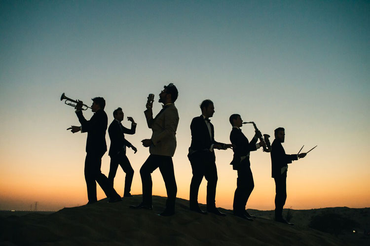 Unsere italienische Swing-Jazz-Band UAE ist die ultimative Dubai Swing-Band für jede Veranstaltung, bei der die Gäste aufstehen und tanzen möchten. Diese vielseitigen Musiker und Sänger werden jede Gelegenheit mit ihren scharfen Klängen, warmen und vielseitigen Stimmen und leidenschaftlichen Darbietungen beleben. Eine Swing-Band, die schnell die Herzen des Publikums in Dubai erobert hat und zwei Jahre in Folge zur offiziellen Band der Dubai Boat Show wurde, sowie bei der F1 Grand Prix auftrat und an der Campari-Tour teilnahm, die an einigen der wohlhabendsten Orte in Dubai stattfand.
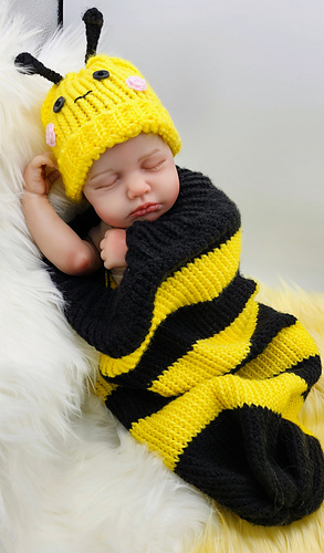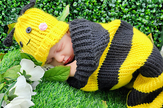 This is a beginner-friendly loom-knit Baby Bee Cocoon pattern that requires minimal crocheting and sewing. When you download the pattern, you will receive the baby bee hat and cocoon pattern.
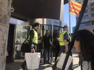 Ocho horas después de su llegada, los seis vehículos del Instituto Armado han abandonado la sede departamental accediendo primero al parking subterráneo de la Conselleria, donde supuestamente han recogido a los detenidos.
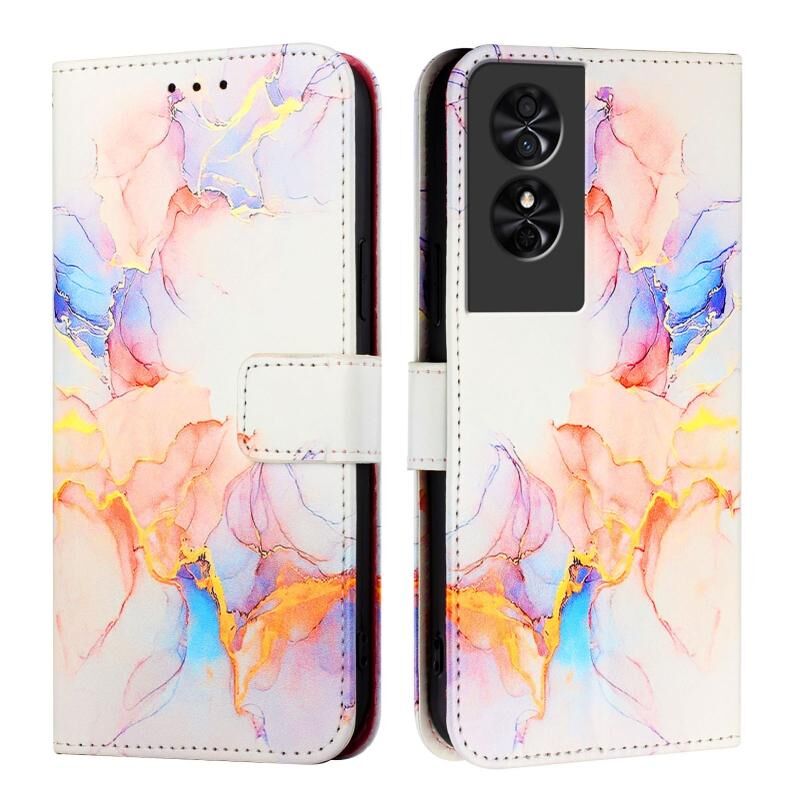 Θήκη τηλεφώνου TCL 50 SE PT003 από δέρμα με σχέδιο μαρμάρου και πτυσσόμενο μηχανισμό (Λευκό Γαλαξίας Μάρμαρο)
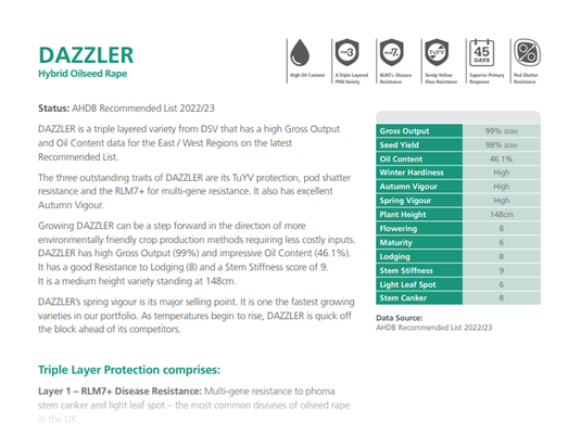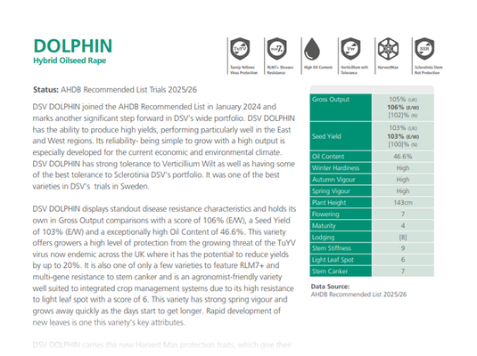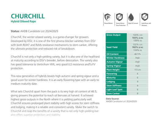 Churchill, the winter oilseed variety, is a game-changer for growers. Developed by DSV, it is one of the first phoma blocker varieties from DSV with both RLM7 and RLMs resistance mechanisms to stem canker, offering the ultimate protection and reduced risk of breakdown.
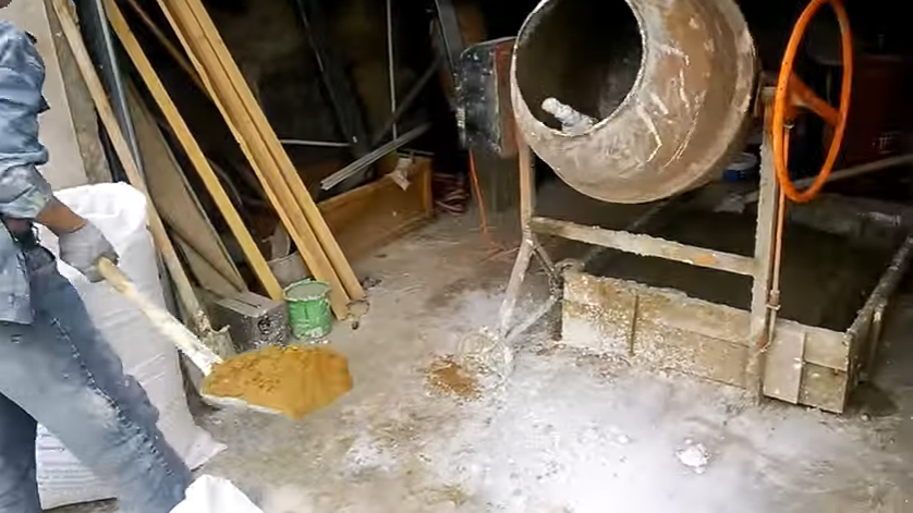 Шаг 4. Закиньте мокрый перлит в бетономешалку¸ если он прилипает к стенкам, то добавляйте воду.
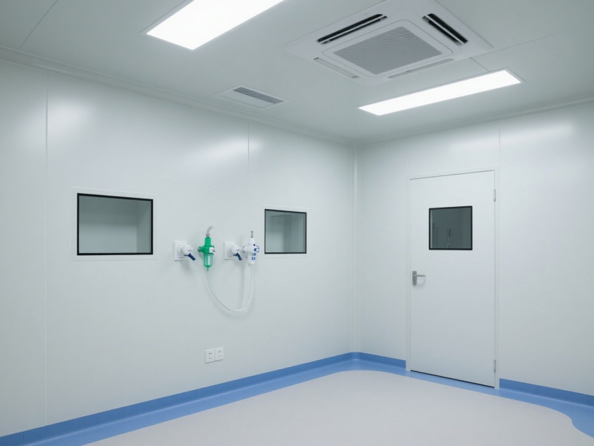 醫療潔凈室,層流凈化系統頂部排列,墻面使用醫用抗菌彩鋼板,地面采用2mm同質透心PVC卷材。手術區配置無影燈和數字化麻醉機,自動感應氣密門帶電子壓差顯示。醫護
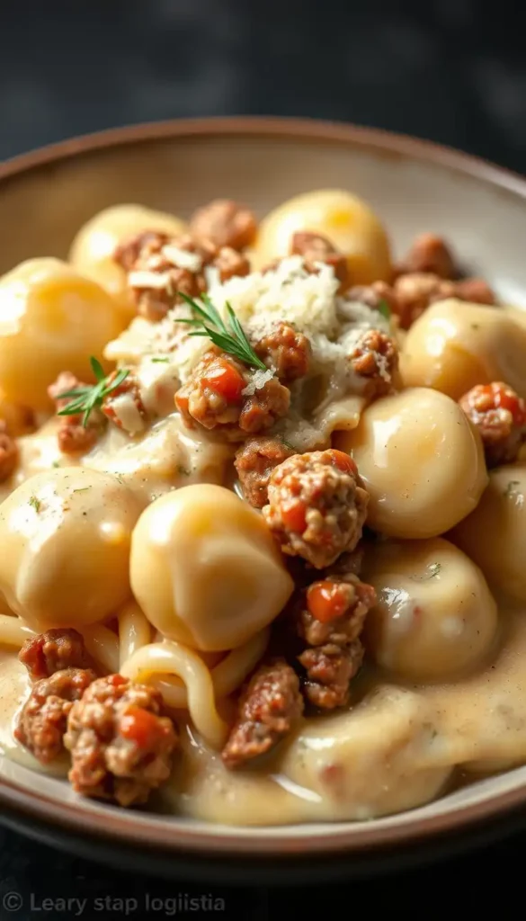 Ingredients: Ground sausage, gnocchi, cream, parmesan
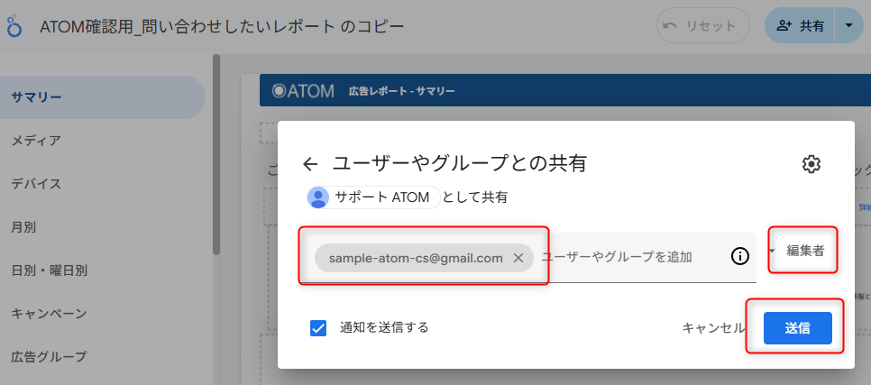 - エイリアス(+と@までの文字列。手順4のキャプチャでは「+alias」部分)を削除したメールアドレスを「ATOM確認用」レポートの編集者として追加し、[送信]をクリックします。
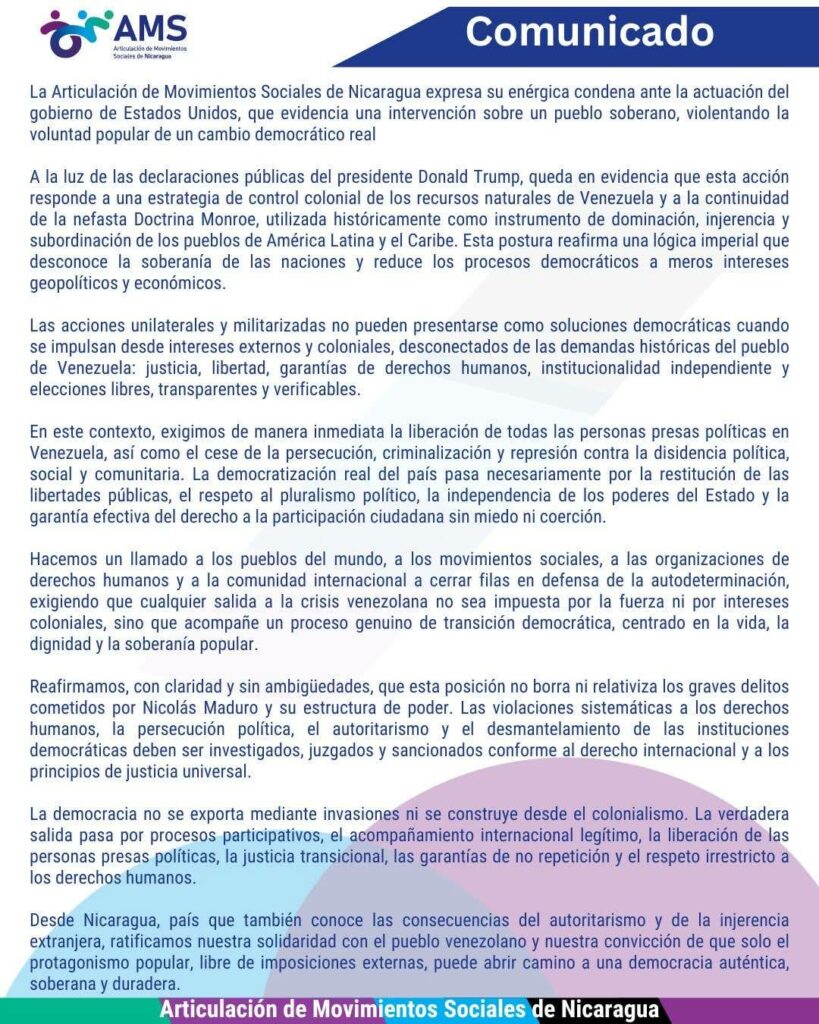 Die AMS drückt ihre energische Verurteilung der Handlungen der amerikanischen Regierung aus, deren Aktion gegen ein souveränes Volk gerichtet war.
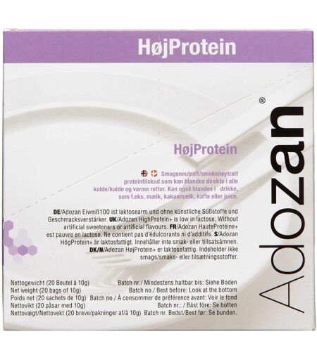 Adozan Pulver HøjProtein 20 x 10 g Adozan Pulver HøjProtein er et smagsneutralt proteintilskud i pulverform. Adozan er tidligere kendt som Adosan. Dispenseringsform Pulver. Dosis og anvendelse Et brev kan blandes med 125 ml mad eller drikke. Adozan HøjProtein kan blandes i kolde og varme retter og er frysestabil. Kan også blandes i drikke, som f.eks. mælk, saftevand eller juice. ...
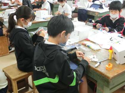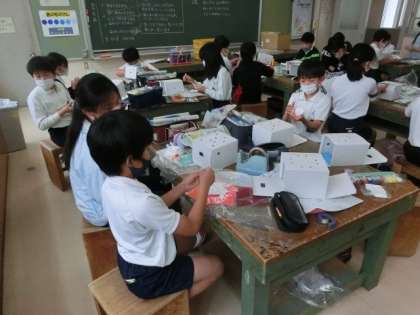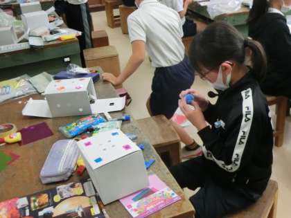 箱の中への光の差し込み方を考えながら、制作しています。真剣な表情がとても素敵です。
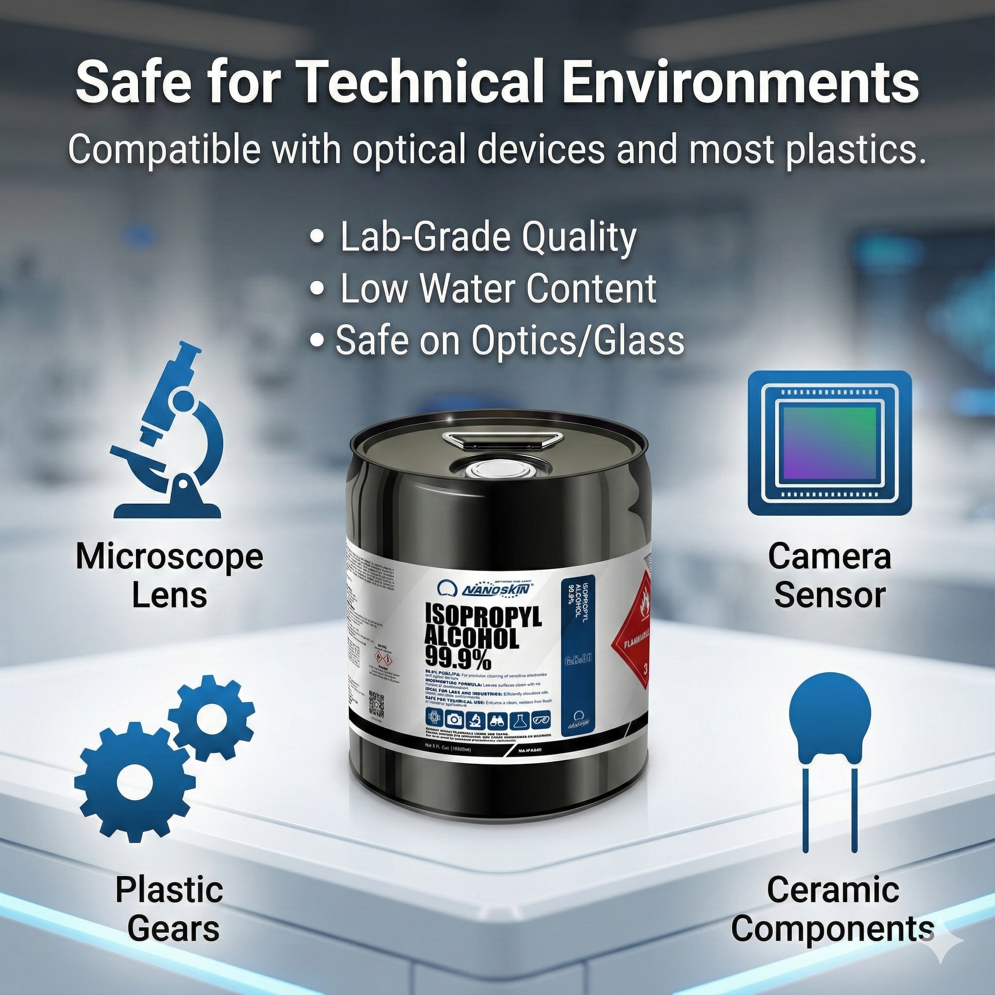 Nanoskin 99.9 % Isopropyl Alcohol is a technical-grade solvent refined to laboratory standards; every batch is tested to confirm less than 0.1 % water, so professionals can count on a rapid, even evaporation and a surface that dries absolutely residue-free. This level of purity is critical when a trace of moisture or contaminant can distort a laser beam, undermine instrument calibration, or weaken an adhesive bond.
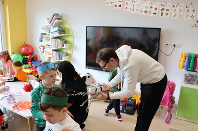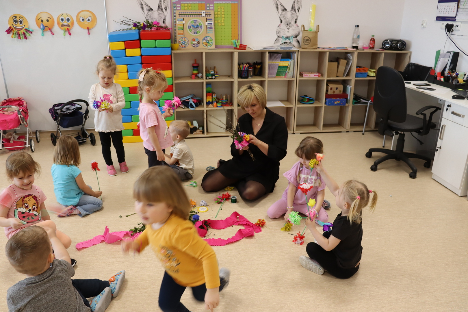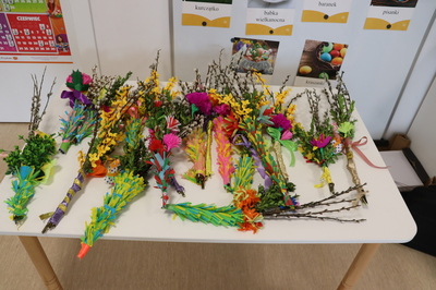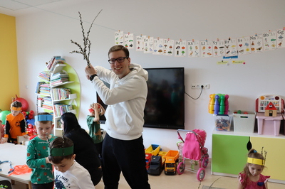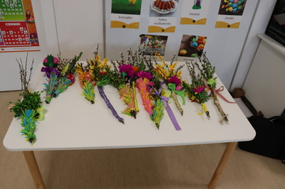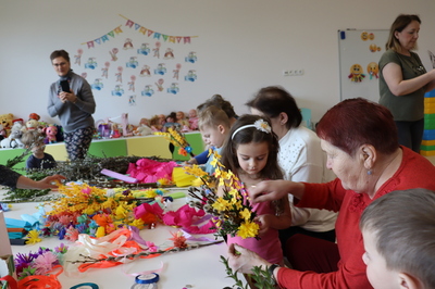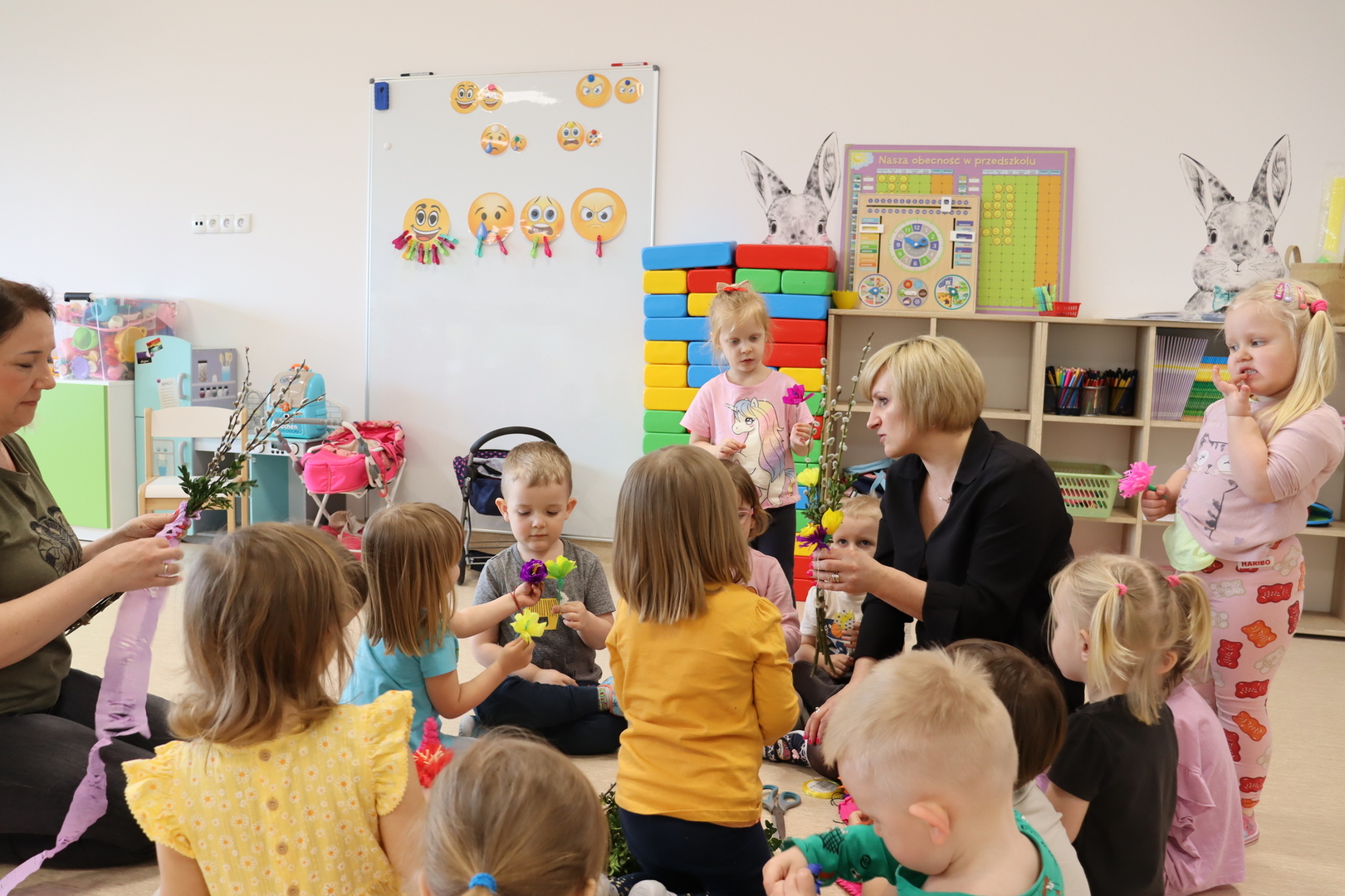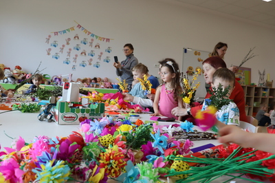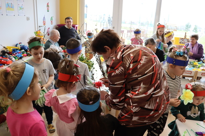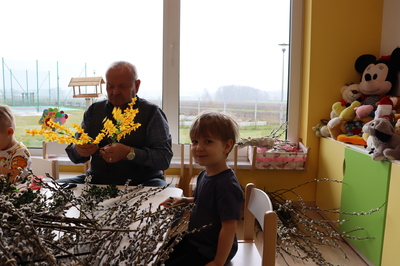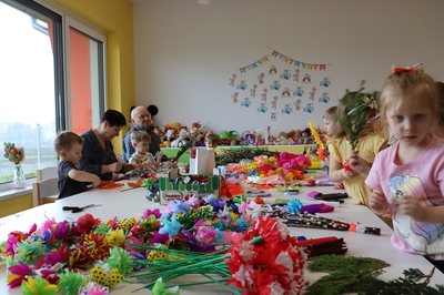 Wielkanoc zbliża się wielkimi krokami, już wkrótce będziemy obchodzić Niedzielę Palmową zwaną również Wierzbną lub Kwietną. Zwyczaj dekorowania palmy nie jest obcy Leśnym Skrzatom z Baśniowej, które wspierane przez Seniorów aktywnie uczestniczyły w warsztatach wielkanocnych. W tym roku gośćmi przedszkolaków byli zarówno członkowie Klubu Senior+ z Mielcuch, jak i z Głuszyny. Pani Bożena Wysota oraz Anna Tokarek zorganizowały zacną grupę utalentowanych, pełnych wigoru i radosnych Seniorów, którzy zaangażowali dzieci do wspólnej pracy. A że nie samą pracą żyje człowiek, tudzież Skrzat, warsztatom towarzyszyły pogodne rozmowy, śpiewy, a nawet tańce i zabawy w kole. Tradycyjnie członkowie Klubów Senior+ przygotowali część kwiatów i roślin do dekoracji, w tym roku gałązkami palmowymi wsparli nas również nasi Rodzice. Powstało całkiem sporo barwnych bukietów, które już wkrótce będziemy mogli zanieść do kościoła, a następnie do domu. Ilu z Was ustawia palemki w kątach wnętrz albo na parapetach? A może ktoś wsuwa za róg obrazu? Mamy nadzieję, że zwyczaj ten przetrwał i jeszcze wielu z nas wierzy, że w ten sposób chroni domostwo przed chorobami czy piorunami. A czy są tacy, którzy smagają ramiona palmami, by zachować zdrowie i siły witalne? Być może w tym roku ktoś wskrzesi tę jakże uroczą tradycję.

● ● ● ●

__Aim of the task__. Without copying any picture, repeat all of the entries exactly.

__Exercise output__.
 Unsere italienische Swing-Jazz-Band UAE ist die ultimative Dubai Swing-Band für jede Veranstaltung, bei der die Gäste aufstehen und tanzen möchten. Diese vielseitigen Musiker und Sänger werden jede Gelegenheit mit ihren scharfen Klängen, warmen und vielseitigen Stimmen und leidenschaftlichen Darbietungen beleben. Eine Swing-Band, die schnell die Herzen des Publikums in Dubai erobert hat und zwei Jahre in Folge zur offiziellen Band der Dubai Boat Show wurde, sowie bei der F1 Grand Prix auftrat und an der Campari-Tour teilnahm, die an einigen der wohlhabendsten Orte in Dubai stattfand.
 This is a beginner-friendly loom-knit Baby Bee Cocoon pattern that requires minimal crocheting and sewing. When you download the pattern, you will receive the baby bee hat and cocoon pattern.
 Ocho horas después de su llegada, los seis vehículos del Instituto Armado han abandonado la sede departamental accediendo primero al parking subterráneo de la Conselleria, donde supuestamente han recogido a los detenidos.
 Θήκη τηλεφώνου TCL 50 SE PT003 από δέρμα με σχέδιο μαρμάρου και πτυσσόμενο μηχανισμό (Λευκό Γαλαξίας Μάρμαρο)
 Churchill, the winter oilseed variety, is a game-changer for growers. Developed by DSV, it is one of the first phoma blocker varieties from DSV with both RLM7 and RLMs resistance mechanisms to stem canker, offering the ultimate protection and reduced risk of breakdown.
 Шаг 4. Закиньте мокрый перлит в бетономешалку¸ если он прилипает к стенкам, то добавляйте воду.
 醫療潔凈室,層流凈化系統頂部排列,墻面使用醫用抗菌彩鋼板,地面采用2mm同質透心PVC卷材。手術區配置無影燈和數字化麻醉機,自動感應氣密門帶電子壓差顯示。醫護
 Ingredients: Ground sausage, gnocchi, cream, parmesan
 - エイリアス(+と@までの文字列。手順4のキャプチャでは「+alias」部分)を削除したメールアドレスを「ATOM確認用」レポートの編集者として追加し、[送信]をクリックします。
 Die AMS drückt ihre energische Verurteilung der Handlungen der amerikanischen Regierung aus, deren Aktion gegen ein souveränes Volk gerichtet war.
 Adozan Pulver HøjProtein 20 x 10 g Adozan Pulver HøjProtein er et smagsneutralt proteintilskud i pulverform. Adozan er tidligere kendt som Adosan. Dispenseringsform Pulver. Dosis og anvendelse Et brev kan blandes med 125 ml mad eller drikke. Adozan HøjProtein kan blandes i kolde og varme retter og er frysestabil. Kan også blandes i drikke, som f.eks. mælk, saftevand eller juice. ...
 箱の中への光の差し込み方を考えながら、制作しています。真剣な表情がとても素敵です。
 Nanoskin 99.9 % Isopropyl Alcohol is a technical-grade solvent refined to laboratory standards; every batch is tested to confirm less than 0.1 % water, so professionals can count on a rapid, even evaporation and a surface that dries absolutely residue-free. This level of purity is critical when a trace of moisture or contaminant can distort a laser beam, undermine instrument calibration, or weaken an adhesive bond.
 Wielkanoc zbliża się wielkimi krokami, już wkrótce będziemy obchodzić Niedzielę Palmową zwaną również Wierzbną lub Kwietną. Zwyczaj dekorowania palmy nie jest obcy Leśnym Skrzatom z Baśniowej, które wspierane przez Seniorów aktywnie uczestniczyły w warsztatach wielkanocnych. W tym roku gośćmi przedszkolaków byli zarówno członkowie Klubu Senior+ z Mielcuch, jak i z Głuszyny. Pani Bożena Wysota oraz Anna Tokarek zorganizowały zacną grupę utalentowanych, pełnych wigoru i radosnych Seniorów, którzy zaangażowali dzieci do wspólnej pracy. A że nie samą pracą żyje człowiek, tudzież Skrzat, warsztatom towarzyszyły pogodne rozmowy, śpiewy, a nawet tańce i zabawy w kole. Tradycyjnie członkowie Klubów Senior+ przygotowali część kwiatów i roślin do dekoracji, w tym roku gałązkami palmowymi wsparli nas również nasi Rodzice. Powstało całkiem sporo barwnych bukietów, które już wkrótce będziemy mogli zanieść do kościoła, a następnie do domu. Ilu z Was ustawia palemki w kątach wnętrz albo na parapetach? A może ktoś wsuwa za róg obrazu? Mamy nadzieję, że zwyczaj ten przetrwał i jeszcze wielu z nas wierzy, że w ten sposób chroni domostwo przed chorobami czy piorunami. A czy są tacy, którzy smagają ramiona palmami, by zachować zdrowie i siły witalne? Być może w tym roku ktoś wskrzesi tę jakże uroczą tradycję.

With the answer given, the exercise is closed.